= Al-Kawakibi Democracy Transition Center =

The Al-Kawakibi Democracy Transition Center (KADEM) was officially founded in Amman, Jordan on 15 June 2006 following the first meeting of the center's Board of Trustees under the chairmanship of the Prince Hassan Ibn Talal. Al-Kawakibi Center was established after two years of consideration and deliberation, with the contribution of a large number of experts and democracy advocates from the Arab region and also from Europe and the US, supported by a grant from the Middle East Partnership Initiative of the United States State department.
Al-Kawakibi Center is a technical non-governmental regional organization, specialized in transferring knowledge, sharing experiences and building capacities in the field of democratic transition. The center was founded on the principle of partnership between organizations and experts in the Arab region and the Middle East.
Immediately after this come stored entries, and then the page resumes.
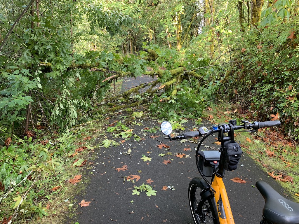 The ride from Banks to Vernonia in the morning was not without its obstacles. Had to go under the first and over the second. Two hours later on my way back, both obstacles had been cleared from the trail and it was smooth sailing.
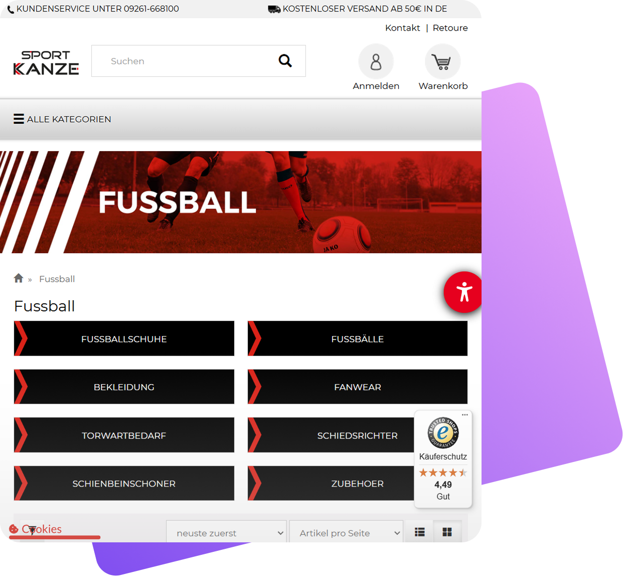 Der Schwerpunkt unseres Angebotes liegt mittlerweile klar im Bereich der Sportartikel, vorzugsweise für Teamsportarten. Über 30.000 Artikel bekannter Hersteller schmücken derzeit unseren JTL-Shop und sorgen für zufriedene Kunden. Insbesondere Vereine werden in unseren Sortimenten schnell fündig und finden interessante Specials.
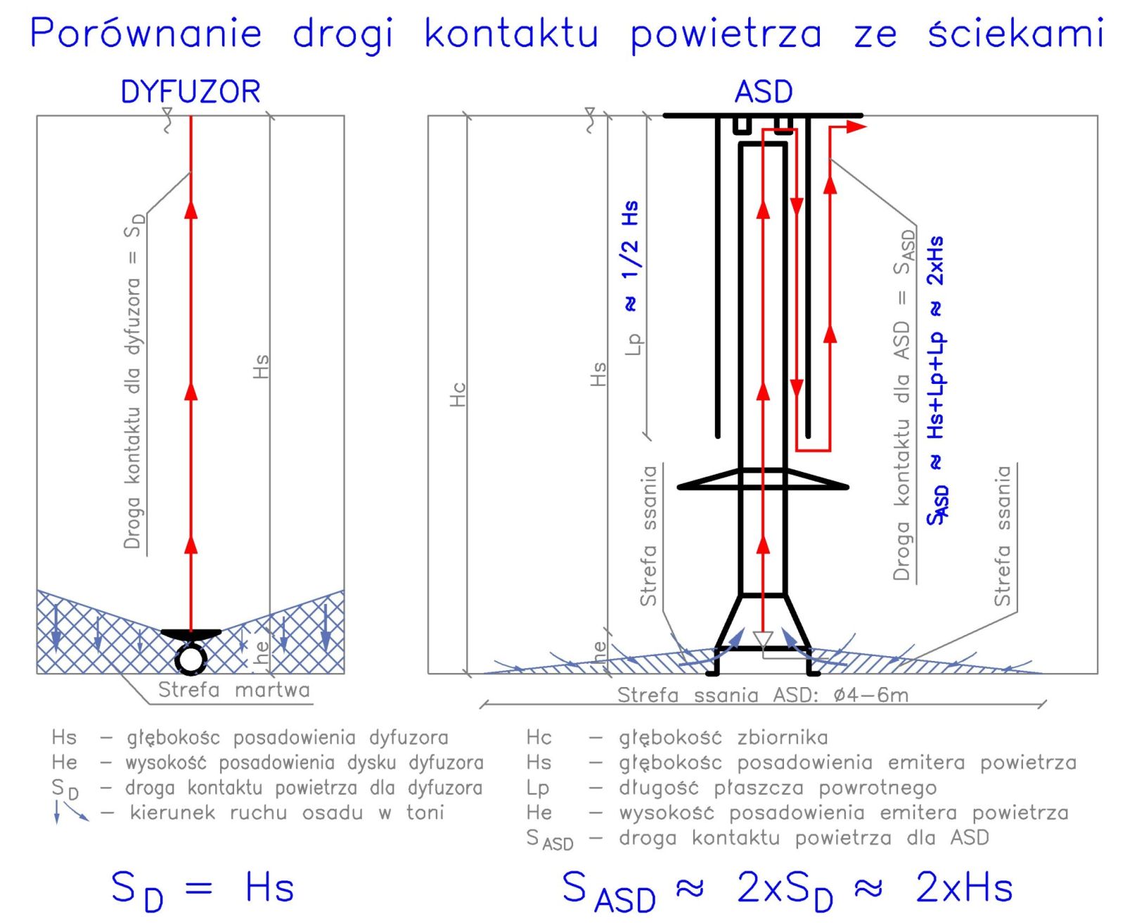 Poniżej przedstawiamy różnicę drogi kontaktu w dwóch porównywanych systemach, jak również strefę martwą pojedynczego dyfuzora w odróżnieniu od strefy odsysania osadów z dna podczas pracy ASD:

Al-Kawakibi aims at promoting the following activities and meeting the following objectives:
1. Spreading democratic culture and practices through dialogue and peaceful interaction.
2. Building local high level capacities and expertise in diagnosing, accompanying, and framing the democratic transitions, and developing alternatives.
3. Encouraging dialogue between political decision-makers and actors of the Civil Society about democratic transition issues.
4. Stimulating exchange and transfer of expertise between experts, representatives of civil society and political actors in the field of democratic transitional trends at different levels: the Middle East, the Arab region, and internationally.
5. Building an expertise clearinghouse to provide capacities for training, research, strategic planning, implementation and follow up in order to support the democratic changes in the Arab region and Middle East.

The organization presents the Zaytuna Silver Award for Excellence in Democratic Action, which recognizes Arab individuals and institutions that promote democracy.